Documentation / arch / x86 / x86_64 / fred.rst


Based on kernel version 6.11. Page generated on 2024-09-24 08:21 EST.

1 2 3 4 5 6 7 8 9 10 11 12 13 14 15 16 17 18 19 20 21 22 23 24 25 26 27 28 29 30 31 32 33 34 35 36 37 38 39 40 41 42 43 44 45 46 47 48 49 50 51 52 53 54 55 56 57 58 59 60 61 62 63 64 65 66 67 68 69 70 71 72 73 74 75 76 77 78 79 80 81 82 83 84 85 86 87 88 89 90 91 92 93 94 95 96
.. SPDX-License-Identifier: GPL-2.0

=========================================
Flexible Return and Event Delivery (FRED)
=========================================

Overview
========

The FRED architecture defines simple new transitions that change
privilege level (ring transitions). The FRED architecture was
designed with the following goals:

1) Improve overall performance and response time by replacing event
   delivery through the interrupt descriptor table (IDT event
   delivery) and event return by the IRET instruction with lower
   latency transitions.

2) Improve software robustness by ensuring that event delivery
   establishes the full supervisor context and that event return
   establishes the full user context.

The new transitions defined by the FRED architecture are FRED event
delivery and, for returning from events, two FRED return instructions.
FRED event delivery can effect a transition from ring 3 to ring 0, but
it is used also to deliver events incident to ring 0. One FRED
instruction (ERETU) effects a return from ring 0 to ring 3, while the
other (ERETS) returns while remaining in ring 0. Collectively, FRED
event delivery and the FRED return instructions are FRED transitions.

In addition to these transitions, the FRED architecture defines a new
instruction (LKGS) for managing the state of the GS segment register.
The LKGS instruction can be used by 64-bit operating systems that do
not use the new FRED transitions.

Furthermore, the FRED architecture is easy to extend for future CPU
architectures.

Software based event dispatching
================================

FRED operates differently from IDT in terms of event handling. Instead
of directly dispatching an event to its handler based on the event
vector, FRED requires the software to dispatch an event to its handler
based on both the event's type and vector. Therefore, an event dispatch
framework must be implemented to facilitate the event-to-handler
dispatch process. The FRED event dispatch framework takes control
once an event is delivered, and employs a two-level dispatch.

The first level dispatching is event type based, and the second level
dispatching is event vector based.

Full supervisor/user context
============================

FRED event delivery atomically save and restore full supervisor/user
context upon event delivery and return. Thus it avoids the problem of
transient states due to %cr2 and/or %dr6, and it is no longer needed
to handle all the ugly corner cases caused by half baked entry states.

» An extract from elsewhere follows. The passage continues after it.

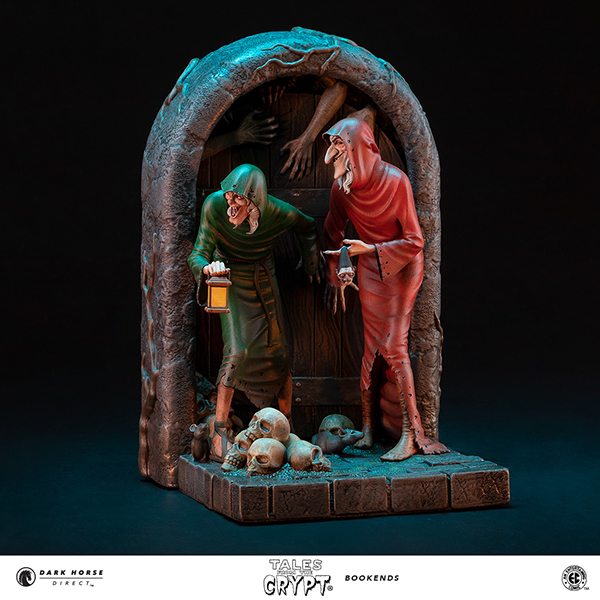 Relive your EC Comics nostalgia with Dark Horse Direct's exclusive new bookend set! One half has The Crypt-Keeper ready to tell you a new tale of terror and the other holds The Vault-Keeper and The Old Witch keeping the dead at bay. Expertly sculpted by Chris Dahlberg, with prototyping and paint by JW Productions, immerse yourself in the horrific stories you love with these immaculately crafted bookends!

FRED allows explicit unblock of NMI with new event return instructions
ERETS/ERETU, avoiding the mess caused by IRET which unconditionally
unblocks NMI, e.g., when an exception happens during NMI handling.

FRED always restores the full value of %rsp, thus ESPFIX is no longer
needed when FRED is enabled.

LKGS
====

LKGS behaves like the MOV to GS instruction except that it loads the
base address into the IA32_KERNEL_GS_BASE MSR instead of the GS
segment’s descriptor cache. With LKGS, it ends up with avoiding
mucking with kernel GS, i.e., an operating system can always operate
with its own GS base address.

Because FRED event delivery from ring 3 and ERETU both swap the value
of the GS base address and that of the IA32_KERNEL_GS_BASE MSR, plus
the introduction of LKGS instruction, the SWAPGS instruction is no
longer needed when FRED is enabled, thus is disallowed (#UD).

Stack levels
============

4 stack levels 0~3 are introduced to replace the nonreentrant IST for
event handling, and each stack level should be configured to use a
dedicated stack.

The current stack level could be unchanged or go higher upon FRED
event delivery. If unchanged, the CPU keeps using the current event
stack. If higher, the CPU switches to a new event stack specified by
the MSR of the new stack level, i.e., MSR_IA32_FRED_RSP[123].

Only execution of a FRED return instruction ERET[US], could lower the
current stack level, causing the CPU to switch back to the stack it was
on before a previous event delivery that promoted the stack level.